⟨
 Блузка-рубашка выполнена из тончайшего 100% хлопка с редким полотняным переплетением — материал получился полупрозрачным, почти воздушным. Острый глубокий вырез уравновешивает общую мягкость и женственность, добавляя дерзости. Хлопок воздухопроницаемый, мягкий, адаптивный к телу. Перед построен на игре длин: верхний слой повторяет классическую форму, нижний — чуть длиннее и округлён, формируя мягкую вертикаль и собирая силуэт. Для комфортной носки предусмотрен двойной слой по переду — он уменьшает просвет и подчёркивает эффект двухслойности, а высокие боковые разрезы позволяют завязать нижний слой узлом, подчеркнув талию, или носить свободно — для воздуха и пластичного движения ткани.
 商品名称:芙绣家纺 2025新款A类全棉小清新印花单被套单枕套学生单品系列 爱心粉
⟩
⟨
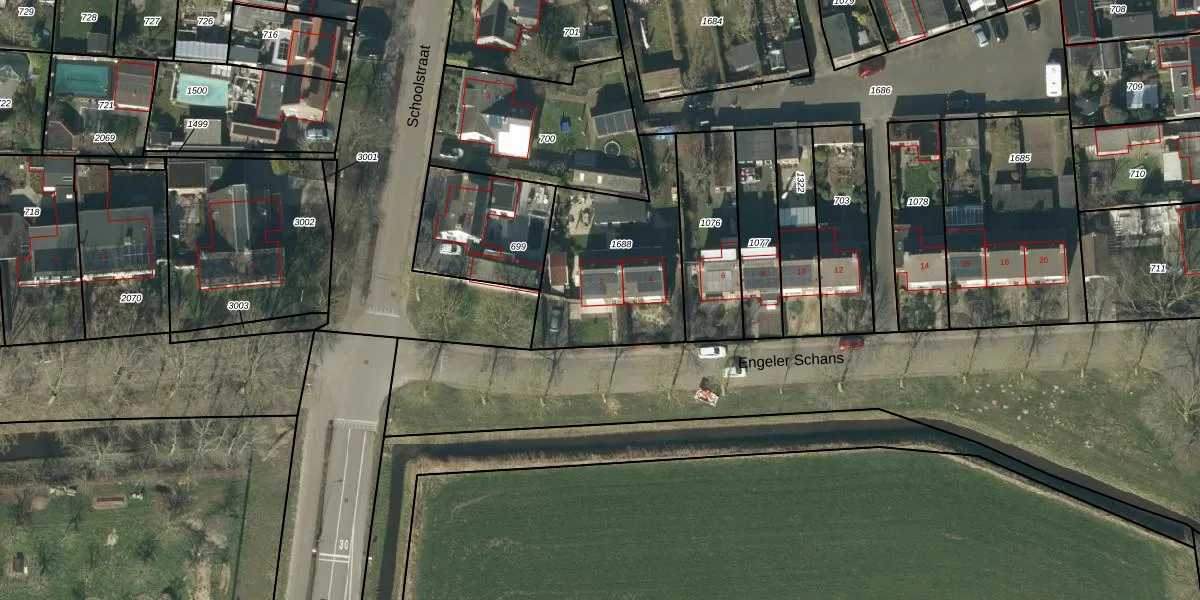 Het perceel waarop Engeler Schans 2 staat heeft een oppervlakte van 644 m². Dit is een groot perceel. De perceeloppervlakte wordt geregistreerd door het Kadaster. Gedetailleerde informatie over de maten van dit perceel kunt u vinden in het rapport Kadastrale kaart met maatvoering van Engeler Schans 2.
⟩
⟨
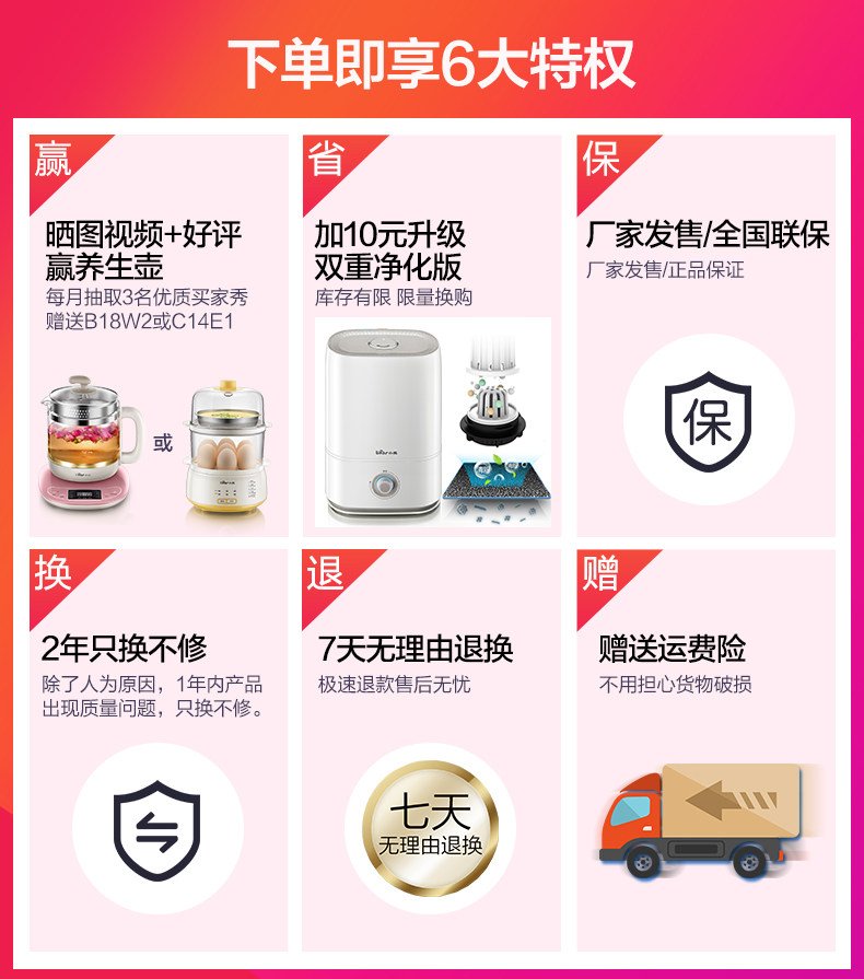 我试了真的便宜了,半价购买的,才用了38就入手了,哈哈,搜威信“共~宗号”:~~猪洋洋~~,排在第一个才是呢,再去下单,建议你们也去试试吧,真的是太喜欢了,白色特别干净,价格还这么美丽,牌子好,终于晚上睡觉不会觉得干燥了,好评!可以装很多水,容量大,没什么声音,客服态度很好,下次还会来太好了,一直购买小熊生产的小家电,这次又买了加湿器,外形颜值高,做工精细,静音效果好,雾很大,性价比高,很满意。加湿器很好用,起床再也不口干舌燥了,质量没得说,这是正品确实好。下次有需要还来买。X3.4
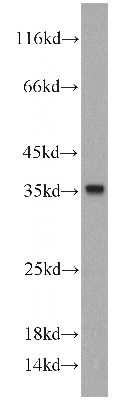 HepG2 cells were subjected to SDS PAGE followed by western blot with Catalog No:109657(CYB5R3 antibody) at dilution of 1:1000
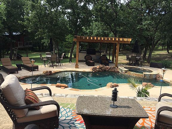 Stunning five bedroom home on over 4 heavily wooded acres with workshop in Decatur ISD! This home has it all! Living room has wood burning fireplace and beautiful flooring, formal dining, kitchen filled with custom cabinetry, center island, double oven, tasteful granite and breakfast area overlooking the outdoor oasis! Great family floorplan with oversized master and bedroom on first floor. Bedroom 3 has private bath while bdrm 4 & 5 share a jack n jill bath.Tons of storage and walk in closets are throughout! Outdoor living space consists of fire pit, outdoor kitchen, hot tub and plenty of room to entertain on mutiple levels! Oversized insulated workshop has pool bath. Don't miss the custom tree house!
⟩
• [PROBLEM REQUIREMENTS] Since only part of the listing is wanted, copy exactly the lines from the one holding "Блузка-рубашка выполнена из" to the one holding "商品名称:芙绣家纺 2025新款A类全棉小清新印花单被套单枕套学生单品系列 爱心粉", both included.

• [EXERCISE RESULT]
 Блузка-рубашка выполнена из тончайшего 100% хлопка с редким полотняным переплетением — материал получился полупрозрачным, почти воздушным. Острый глубокий вырез уравновешивает общую мягкость и женственность, добавляя дерзости. Хлопок воздухопроницаемый, мягкий, адаптивный к телу. Перед построен на игре длин: верхний слой повторяет классическую форму, нижний — чуть длиннее и округлён, формируя мягкую вертикаль и собирая силуэт. Для комфортной носки предусмотрен двойной слой по переду — он уменьшает просвет и подчёркивает эффект двухслойности, а высокие боковые разрезы позволяют завязать нижний слой узлом, подчеркнув талию, или носить свободно — для воздуха и пластичного движения ткани.
 商品名称:芙绣家纺 2025新款A类全棉小清新印花单被套单枕套学生单品系列 爱心粉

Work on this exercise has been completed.